My head felt as if it were about to explode. I was grateful for the chance to bolt out the door, to stretch and jump and run in place, to punch the flat of my hand with my fist because I couldn’t take a bat to the walls and the windows. Tabor. Tabor. Tabor.… The name was everywhere I looked. This hospital was called Divine Savior, but our wing was The Tabor Clinic. Our savior was Dr. Tabor, the founder.

“My friend Juliet is in pain,” I told a nurse who was unfamiliar to me.

“Are you Jackie Kim’s girl?”

“Yes. I’m Allie. And I don’t know if you can give me some Tylenol? I don’t know if it’s in my orders. But I have such a headache, I’m afraid it’s going to make me sick.…” Which it did. All of a sudden.

I ran to the nearest washroom.

Garrett Tabor had killed Nicola.

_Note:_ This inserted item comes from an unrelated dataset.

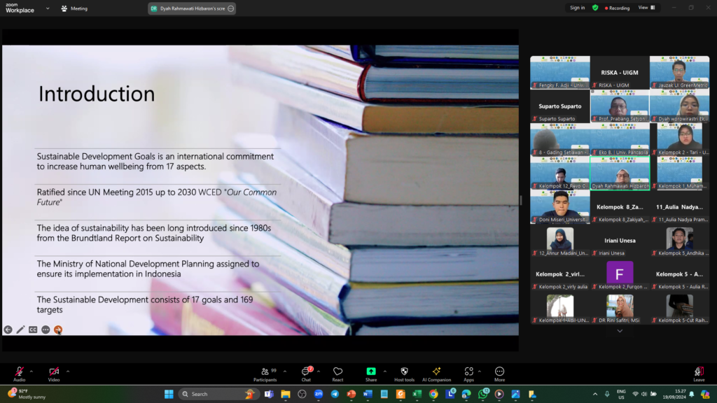 The highlight of the first week was a session on the Introduction to Sustainable Development Goals, presented by Dr. Dyah Rahmawati Hizbaron from Universitas Gadjah Mada. She discussed the SDGs from a geographical perspective, stressing the necessity of sustainable practices to meet the demands of a growing global population. Dr. Dyah also underscored the importance of ongoing research and learning in tackling sustainability challenges.

I knew it as sure as if he’d pointed a gun at her and fired. Only he knew where that poor dark-haired girl was now, the girl he left stripped on the floor like a broken doll. He would have been happy to explain to Juliet how killing Rob and me would have been an accident.

I never got another chance to speak to Juliet alone that night. As it happened, I ended up getting a shot for my first migraine—orders from Dr. Lauren Wilenbrand—along with an order to lie with cold packs over my eyes for the rest of the afternoon.